MEMPHIS & CHARLESTON RAILROAD CO. v. LEWIS BOND, ADM’R., ETC.
    Jackson,
    September Term, 1875.
    
      1. JURISDICTION OE JUSTICE OE THE PEACE. On indorsement on a note.
    Where, before the act of 1875, ch. 11, the plaintiff sued the defendant before a justice of the peace “to answer the plaintiff in a plea of debt due by note under five hundred dollars,” which was a suit on the indorsement on the note where demand and notice were not waived, the justice of the peace had no jurisdiction of the suit to render judgment for four hundred and eighty-five dollars. [See now Code, sec. 5935, and note 7 under sec. 5936, increasing the jurisdiction to five hundred dollars on indorsements where demand and notice are not waived.]
    
      2. SAME. Same. Where justice has none, circuit court has none, even by remittitur.
    Where a justice of the peace has no jurisdiction of the in-dorsement on a note, the circuit court acquires none by appeal, and none can be acquired by a remittitur by the plaintiff.
    Cited with approval: Dixon v. Caruthers, 9 Yer., 30; Crow v. Cunningham, 5 Cold., 255.
   Nicholson, C. J.,

delivered the opinion of the court:

The Memphis and Charleston Railroad Co. sued S. S. Woodward and N. J. .Brooks before a justice of the peace to “answer the company in a plea of debt due by note under five hundred dollars.”

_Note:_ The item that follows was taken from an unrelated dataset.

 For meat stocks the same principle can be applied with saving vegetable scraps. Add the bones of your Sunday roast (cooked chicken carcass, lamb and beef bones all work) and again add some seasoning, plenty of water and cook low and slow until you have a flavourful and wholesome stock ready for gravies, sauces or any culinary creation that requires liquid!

Upon trial the justice gave judgment for the company for $485. The note sued on was made by S. Woodward for $480.00, payable to A. Woodward, and by him and N. J. Brooks indorsed, not waiving demand and notice.

.From the judgment so rendered N. J. Brooks alone appealed, giving bond with S. P. Woodward and J. IT. Ed-mondson as sureties.

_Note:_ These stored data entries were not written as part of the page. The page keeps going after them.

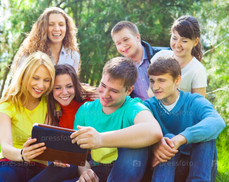 Студенты с планшетным компьютером
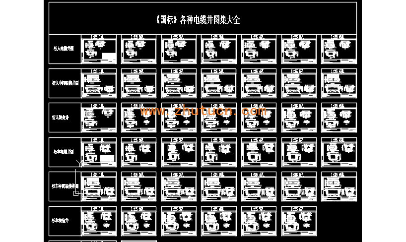 各种电缆井CAD图集大全(国标),包含行人电缆井图,行人中间驳接井图,行人转角井,行车电缆井图,行车中间驳接井图,行车转角井,电缆井盖图纸。
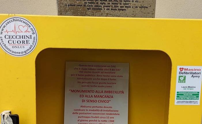 Si tratta dell’ennesimo furto ai danni dei dispositivi DAE posizionati in diversi punti della città dalla Cecchini Cuore Onlus che troppo spesso, purtroppo, sono vittime di atti vandalici stupidi e senza alcun senso.
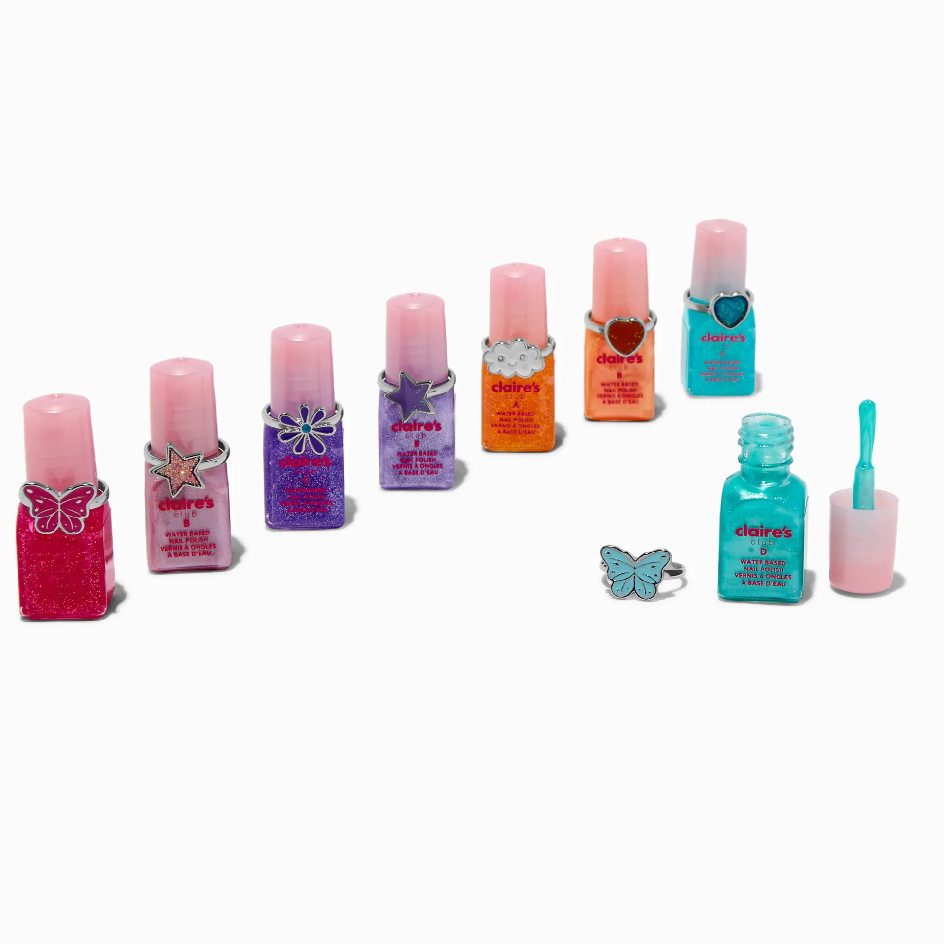 - Includes: 8 peel-off nail polishes, 8 adjustable rings

The circuit judge dismissed the suit for want of jurisdiction, holding that as the justice of the peace had no jurisdiction of the indorsement on the note, the circuit court acquired none by the appeal, and that none could be acquired by a remittitur by the plaintiff. This holding is sustained by the case of Dixon v. Caruthers, 9 Yer., 30; and Crow v. Cunningham, 5 Cold., 255. The judgment is, therefore, affirmed.